→ **RAW DATA**:
▶
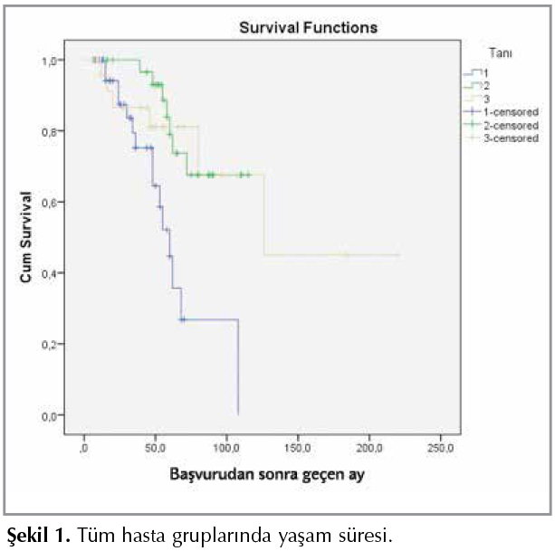 İPF tanılı hastaların 16 (%36)'sının, skleroderma tanılı hastalardan 7 (%20)'sinin ve RA tanılı hastalardan 6 (%23)'sının izlem esnasında kaybedildiği saptandı. Hasta tanı grupları arasında mortalite oranlarında anlamlı istatistiksel fark saptanmadı. Şikayet başlangıcından sonra ortalama sağkalım s?resi İPF'de 35.11 ? 22.4 ay (7-108 ay) sklerodermada 61.14 ? 27.96 ay (6-115 ay), RA'da 60.07 ? 52.18 ay (6-220 ay) idi (Şekil 1). Kaplan-Meier Survi analizinde; İPF tanılı hastalarda median sağkalım s?resi skleroderma ve RA hastalarına g?re daha kısaydı (p= 0.001, p= 0.016). T?m olgular birlikte değerlendirildiğinde mortalite, > 60 yaş (24/64 vs. 5/40, p= 0.007), KOAH (5/7 vs. 24/97, p= 0.017), refl? (7/13 vs. 22/91 p= 0.043), OİP paterni (11/48 vs. 18/56, p= 0.054), başvuruda d?ş?k PaO2 (< 60 mmHG) (6/8 vs. 8/32, p= 0.014), 6DYT'de desat?rasyon (13/28 vs. 1/18, p= 0.003), birinci yılda anlamlı DLCO kaybı (6/10 vs. 4/33, p= 0.023) olanlarda daha fazla idi. Yaşam s?resi ile yaş (r= -0.318, p= 0.001), başvuru sırasındaki PAO2 (r= 0.489, p= 0.001), anlamlı desat?rasyon varlığı (r= 0.434, p= 0.003) ve yıllık DLCO kaybı (r= 324, p= 0.023) arasında korelasyon saptandı. Mortalite ile ilişkili bulunan parametreler ve başvuru sırasındaki fonksiyonel parametreler (FVC, DLCO, 6DYM) regresyon analizine koyulduğunda t?m grupta 6DYM ve KOAH varlığı mortaliteyi bağımsız etkileyen fakt?rler olarak saptandı (p= 0.013, p= 0.02). Sadece İPF olguları değerlendirildiğinde mortalite ile yaş (r= 0.328, p= 0.03) ve OİP paterni arasında (r= 0.344, p= 0.022) korelasyon saptandı. İPF'li hastalarda radyolojik olarak OİP paterni olan 29 hastadan 14 (%48.3)'?n?n, olası OİP veya OİP dışı radyolojik paterni olan 15 hastadan 2 (%13.3)'sinin kaybedildiği saptandı. Mortalite varlığı ile korelasyon g?steren parametreler ve başvuru sırasındaki fonksiyonel parametreler (FVC, DLCO, 6DYM, PaO2) regresyon analizine koyulduğunda İPF olgularında 6DYM mortaliteyi bağımsız etkileyen tek fakt?rd? (p= 0.039). Skleroderma grubunda ileri yaş, tanı anı FVC (%) ve DLCO (%), birinci yıl anlamlı FVC (%) ve DLCO (%) kaybı, 6DYM ve tanı anı PaO2 d?zeyi ile mortalite arasında ilişki saptandı. Skleroderma grubunda da 6DYM mortaliteyi bağımsız olarak etkileyen tek fakt?rd? (p= 0.013). RA grubunda ileri yaş, tanı anı FVC (%), birinci yıl anlamlı FVC (%) kaybı, tanı anı DLCO (%), PaO2 ve 6DYM mortalite ile ilişkili saptandı. RA grubunda da 6DYM mortaliteyi bağımsız olarak etkileyen tek fakt?r olarak saptandı (p= 0.013).
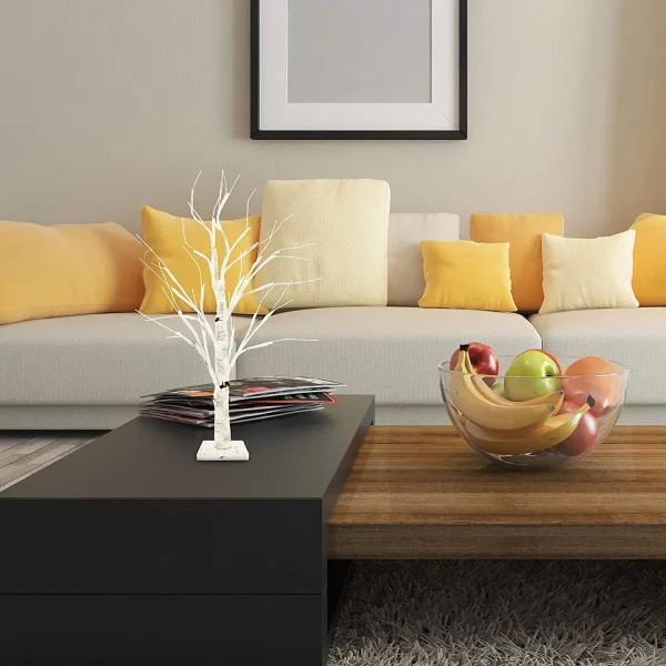 • Warm white LED birch tree has an overall height of 17 inches with a 4.3in * 4.3in base with 24 warm white LED lights
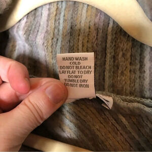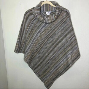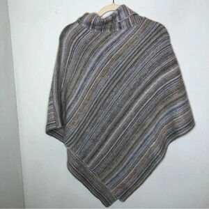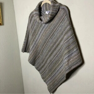 Beautiful poncho that I thought was alpaca when I first touched it. So soft! Colors are shades of gray, pink, light blue and tan.
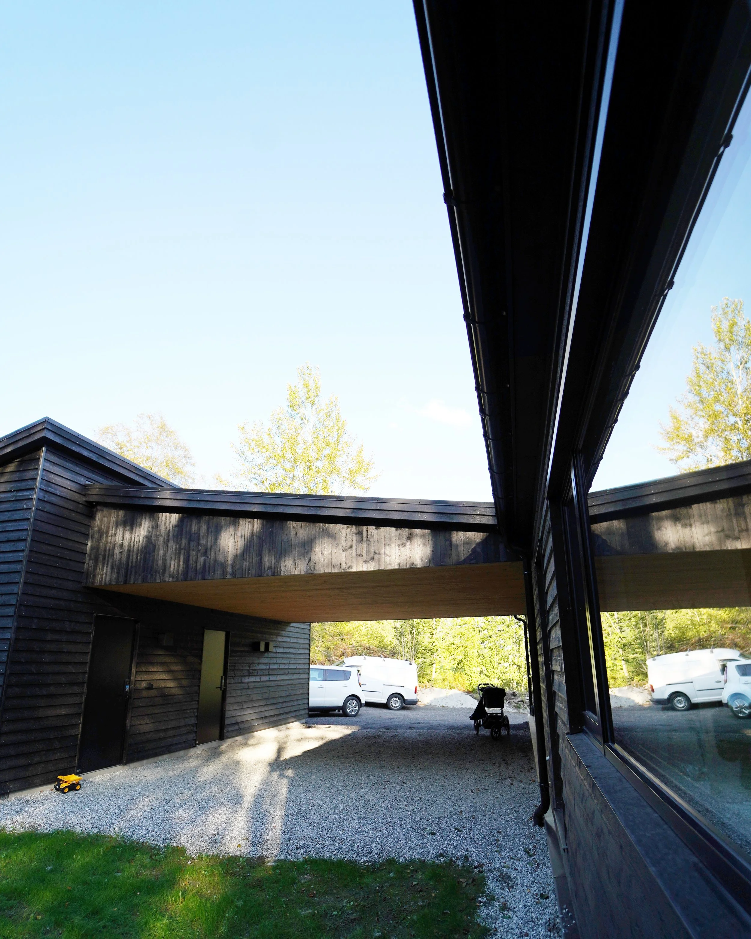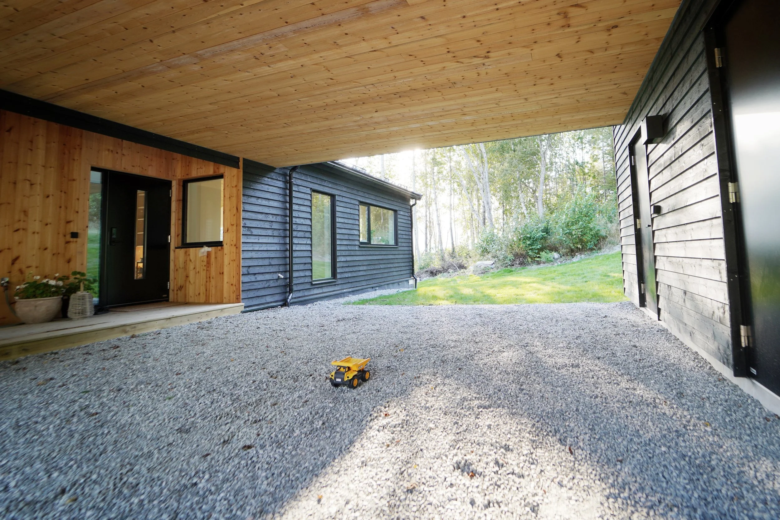 For å kunne gå tørskodd fra garasjen til inngangsdøra, ble garasjen knyttet sammen med boligen med overbygg/carport.
◀
→ **AIM OF THE EXERCISE**:
Copy verbatim the span that opens at the line with "white LED lights" and closes at the final line of the listing. Do not carry over any pictures.

→ **YOUR RESPONSE**:
 • Warm white LED birch tree has an overall height of 17 inches with a 4.3in * 4.3in base with 24 warm white LED lights
 Beautiful poncho that I thought was alpaca when I first touched it. So soft! Colors are shades of gray, pink, light blue and tan.
 For å kunne gå tørskodd fra garasjen til inngangsdøra, ble garasjen knyttet sammen med boligen med overbygg/carport.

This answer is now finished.